As any classicist will tell you, Thucydides is more complicated than this. But it is true that some of the most dramatic passages in the History lend themselves to realist hagiography. Consider the so-called ‘ Melian dialogue‘ — perhaps the book’s second most famous passage — in which the Athenian envoy to Melos, a much less powerful city-state, informs his counterpart: “you know as well as we do that right, as the world goes, is only in question between equals in power, while the strong do what they will and the weak suffer what they must.”
This is an early argument for the primacy of power and security in international relations. Without question, it echoes one of the most important passages in political thought of any kind, the famous intrusion in Book 1 of Plato’s Republic by the sophist Thrasymachus, who advances the immoralist thesis that “justice is [merely] the advantage of the stronger”, and “injustice, if it is on a large enough scale, is stronger, freer, and more masterly than justice'”. Ultimately, it is this challenge that motivates what takes up the vast majority of the Republic: the attempt by Socrates and his friends to construct an ideally just “city in speech.”
Largely on the merit of that attempt, Plato is considered one of the first important political thinkers in the Western tradition. Many, however, are unaware of his ‘international’ thought, where he emerges as a rival to Thucydides. In the first Book of the Republic, Socrates begins to talk about matters of justice among city states, but is interrupted by Thrasymachus. The topic of war then re-surfaces in Books 2 and 3, where Socrates identifies its origins in the desire for “the customary luxuries” and appoints a warrior class of guardians whose profession is “the art of war.” But Socrates never clarifies in the Republic what this ‘art of war’ means in practice and how it serves justice (as it must, as part of the ideally just city). For that, luckily, there are the other dialogues: Timaeus, The Laws, and the mostly lost Critias.
In these three dialogues, Plato turns directly to what looks to us like international relations. In Timaeus and Critias (which are set on the day after the conversations that appear in the Republic), Socrates expresses his dissatisfaction with the ideally just city that he and his friends just constructed, complaining that it “is like seeing beautiful creatures at rest, and ignores the activities for which they appear to be formed.” As the discussion then immediately takes up the mythological war between an ideal-typical ur-Athens and Atlantis, it seems likely that, for Plato, international relations are precisely these activities for which city-states “appear to be formed.” One prominent scholar has even argued that the theme of Critias (of which only fragments survive) was, in fact, “a theoretical discussion of international relations.” In any event, these arguments put the ‘international’ question very near the center of Plato’s project.
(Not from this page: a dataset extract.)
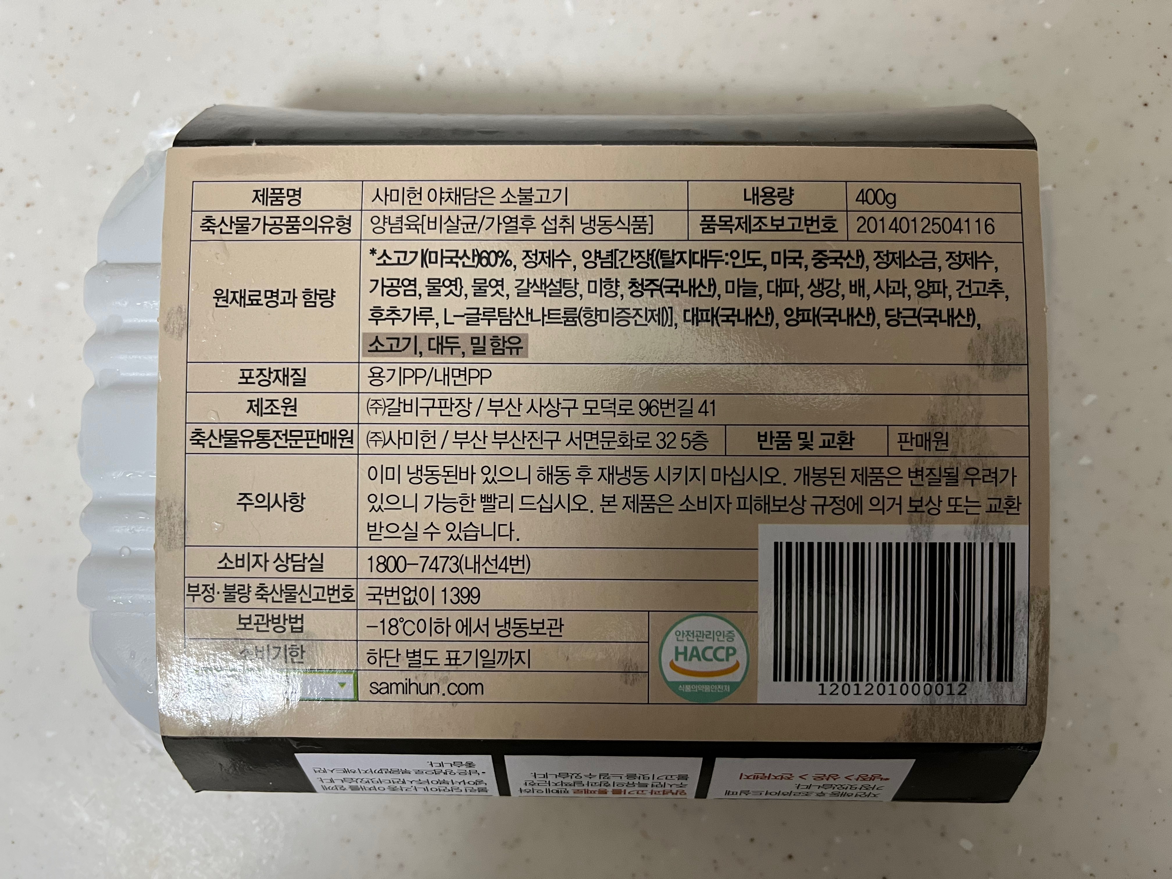 소불고기 원재료명과 함량까지 전부 나와있습니다. 유통기한은 긴 편입니다.

Though we will probably never know what the fragmentary Critias contained, Plato can still be as foundational a figure for international thought as Thucydides. While Thucydides is usually conscripted into the service of one school of thought in particular, Plato provides a more pluralist point of departure. Conclusions about what Plato actually believed or recommended are often elusive, but the full gamut of contemporary approaches to international relations — and then some — are recognizable in his writings.
In Book 1 of The Laws, for example, realists will find an ally in the character Cleinias, who argues that “what most men call peace is really only a fiction, and that in cold fact states are by nature fighting an undeclared war against every other state.” Book 3, which is a speculative history of the development of ‘international’ norms among Greek (but not other) city-states, is useful fodder for English School theorists, constructivists, and cultural realists alike. And this is only the tip of the iceberg.
Though starting with Plato instead of Thucydides may seem an academic matter, we should not underestimate the power of the idea — to which starting with Thucydides lends credence — that 2500 hundred years ago in radically different circumstances, the first ‘international’ thinker was already a realist, or a liberal, or whatever else. Plato is the perfect antidote to this.